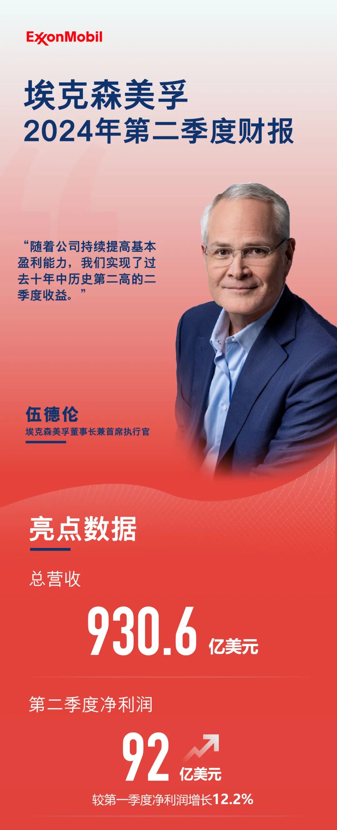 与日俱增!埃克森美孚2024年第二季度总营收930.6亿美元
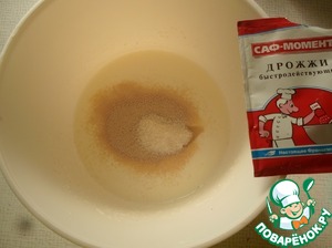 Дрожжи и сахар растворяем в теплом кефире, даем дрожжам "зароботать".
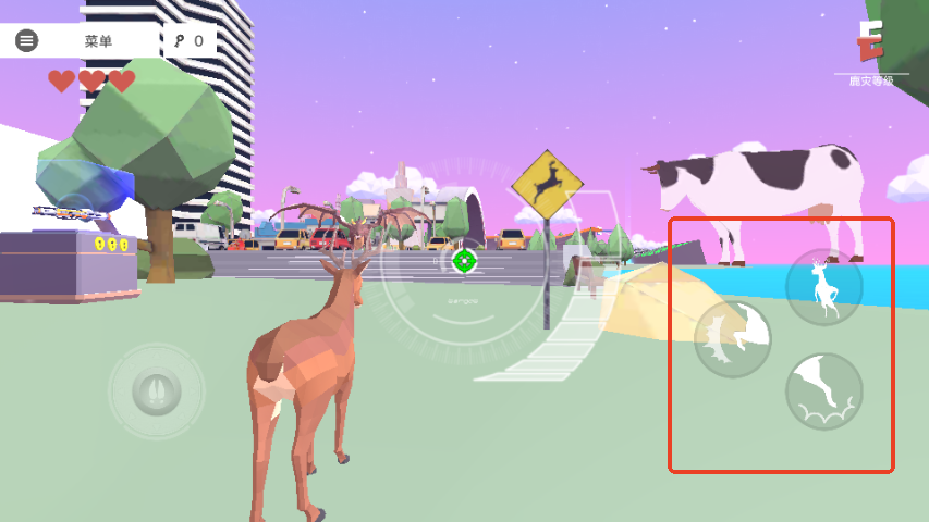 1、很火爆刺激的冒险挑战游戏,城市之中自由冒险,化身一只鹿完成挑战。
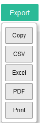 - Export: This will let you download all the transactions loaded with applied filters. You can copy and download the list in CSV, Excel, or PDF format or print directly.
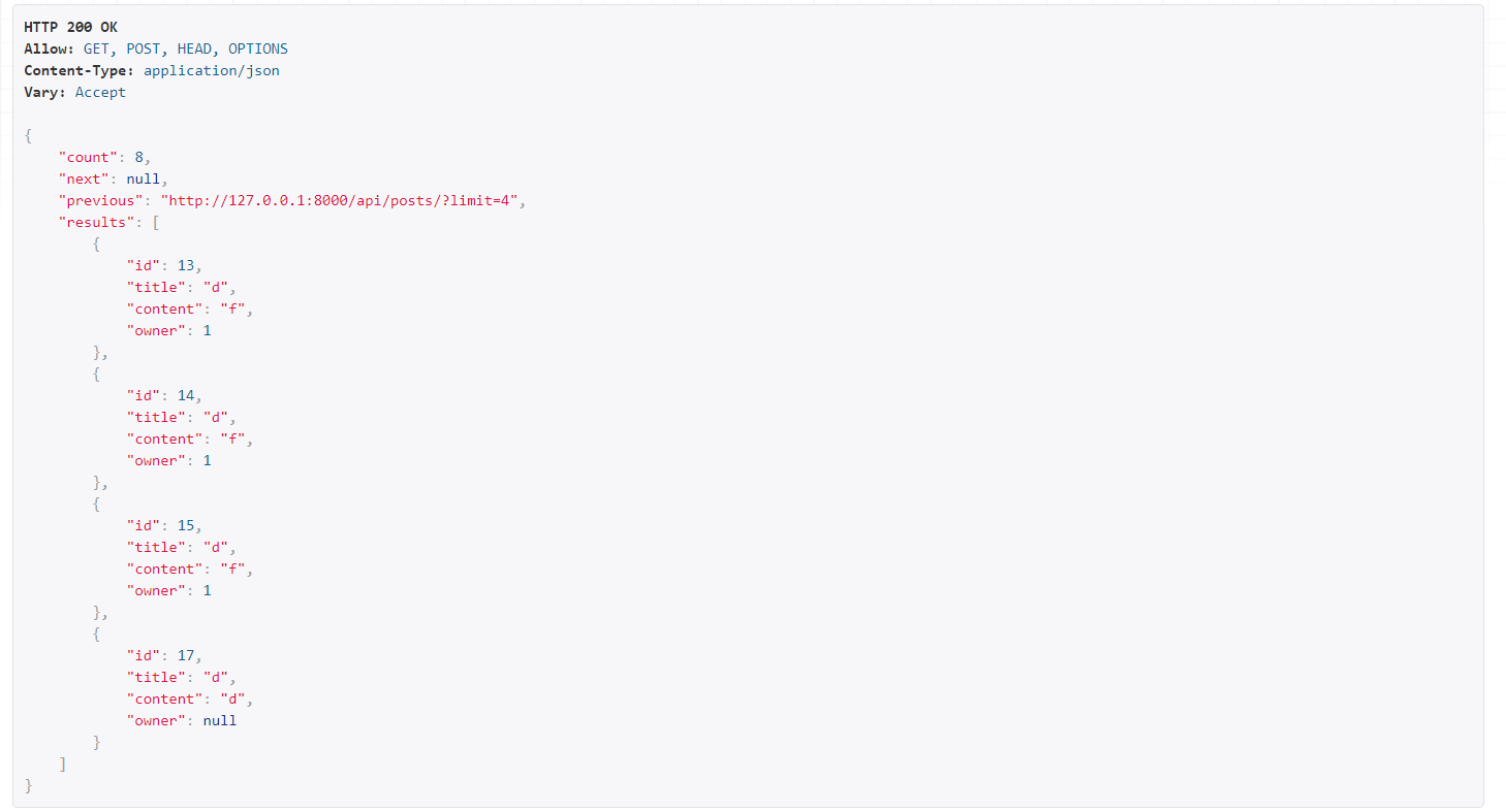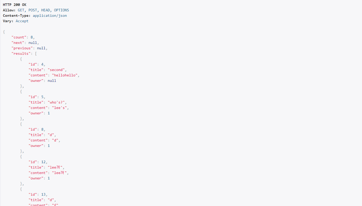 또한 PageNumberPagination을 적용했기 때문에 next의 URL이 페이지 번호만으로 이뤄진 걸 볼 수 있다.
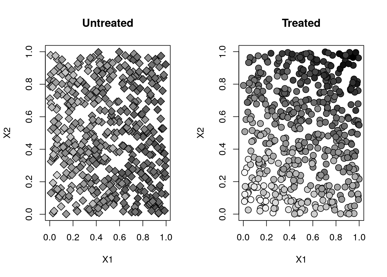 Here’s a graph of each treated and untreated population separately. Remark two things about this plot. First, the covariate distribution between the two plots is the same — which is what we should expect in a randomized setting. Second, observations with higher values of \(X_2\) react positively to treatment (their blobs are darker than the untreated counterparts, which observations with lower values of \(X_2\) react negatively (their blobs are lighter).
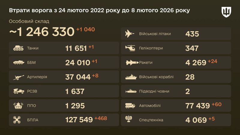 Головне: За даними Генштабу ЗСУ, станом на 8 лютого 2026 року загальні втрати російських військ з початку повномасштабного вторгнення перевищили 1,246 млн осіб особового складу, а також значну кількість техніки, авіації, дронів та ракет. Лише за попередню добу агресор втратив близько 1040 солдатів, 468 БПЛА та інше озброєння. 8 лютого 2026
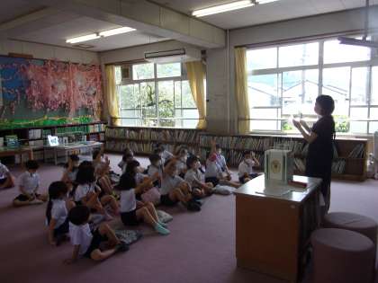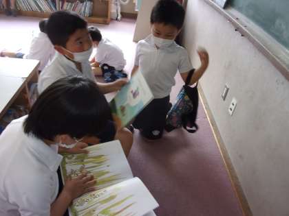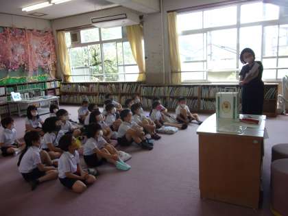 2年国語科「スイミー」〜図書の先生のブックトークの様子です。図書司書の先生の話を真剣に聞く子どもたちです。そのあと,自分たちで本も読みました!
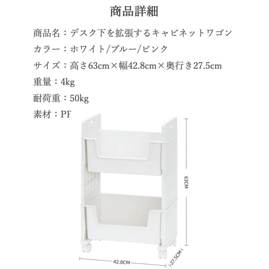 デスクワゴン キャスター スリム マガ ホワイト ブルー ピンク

○ ○ ○ ○ ○ ○ ○

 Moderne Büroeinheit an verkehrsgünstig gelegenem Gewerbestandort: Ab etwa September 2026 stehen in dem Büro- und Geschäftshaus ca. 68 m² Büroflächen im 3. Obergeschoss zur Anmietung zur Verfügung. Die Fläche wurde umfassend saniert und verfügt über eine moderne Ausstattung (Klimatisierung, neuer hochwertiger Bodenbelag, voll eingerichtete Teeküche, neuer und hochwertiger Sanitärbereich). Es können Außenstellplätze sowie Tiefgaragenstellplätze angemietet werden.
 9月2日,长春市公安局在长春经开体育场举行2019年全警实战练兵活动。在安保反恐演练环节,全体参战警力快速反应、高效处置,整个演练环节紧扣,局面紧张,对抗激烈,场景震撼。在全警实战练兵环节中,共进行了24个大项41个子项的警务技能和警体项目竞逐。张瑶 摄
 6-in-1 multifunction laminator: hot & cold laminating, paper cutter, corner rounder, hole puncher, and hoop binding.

○ ○ ○ ○ ○ ○ ○

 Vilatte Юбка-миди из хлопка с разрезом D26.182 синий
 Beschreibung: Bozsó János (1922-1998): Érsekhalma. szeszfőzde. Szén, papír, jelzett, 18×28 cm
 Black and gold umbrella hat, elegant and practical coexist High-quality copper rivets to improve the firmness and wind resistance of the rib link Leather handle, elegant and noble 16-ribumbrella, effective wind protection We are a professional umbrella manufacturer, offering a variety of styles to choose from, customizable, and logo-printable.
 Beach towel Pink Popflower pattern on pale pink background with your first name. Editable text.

○ ○ ○ ○ ○ ○ ○

Word for word, restate the lines above from the one with "Дрожжи и сахар" through the one with "デスクワゴン キャスター スリム マガ ホワイト ブルー ピンク", keeping both ends and dropping the pictures.

 Дрожжи и сахар растворяем в теплом кефире, даем дрожжам "зароботать".
 1、很火爆刺激的冒险挑战游戏,城市之中自由冒险,化身一只鹿完成挑战。
 - Export: This will let you download all the transactions loaded with applied filters. You can copy and download the list in CSV, Excel, or PDF format or print directly.
 또한 PageNumberPagination을 적용했기 때문에 next의 URL이 페이지 번호만으로 이뤄진 걸 볼 수 있다.
 Here’s a graph of each treated and untreated population separately. Remark two things about this plot. First, the covariate distribution between the two plots is the same — which is what we should expect in a randomized setting. Second, observations with higher values of \(X_2\) react positively to treatment (their blobs are darker than the untreated counterparts, which observations with lower values of \(X_2\) react negatively (their blobs are lighter).
 Головне: За даними Генштабу ЗСУ, станом на 8 лютого 2026 року загальні втрати російських військ з початку повномасштабного вторгнення перевищили 1,246 млн осіб особового складу, а також значну кількість техніки, авіації, дронів та ракет. Лише за попередню добу агресор втратив близько 1040 солдатів, 468 БПЛА та інше озброєння. 8 лютого 2026
 2年国語科「スイミー」〜図書の先生のブックトークの様子です。図書司書の先生の話を真剣に聞く子どもたちです。そのあと,自分たちで本も読みました!
 デスクワゴン キャスター スリム マガ ホワイト ブルー ピンク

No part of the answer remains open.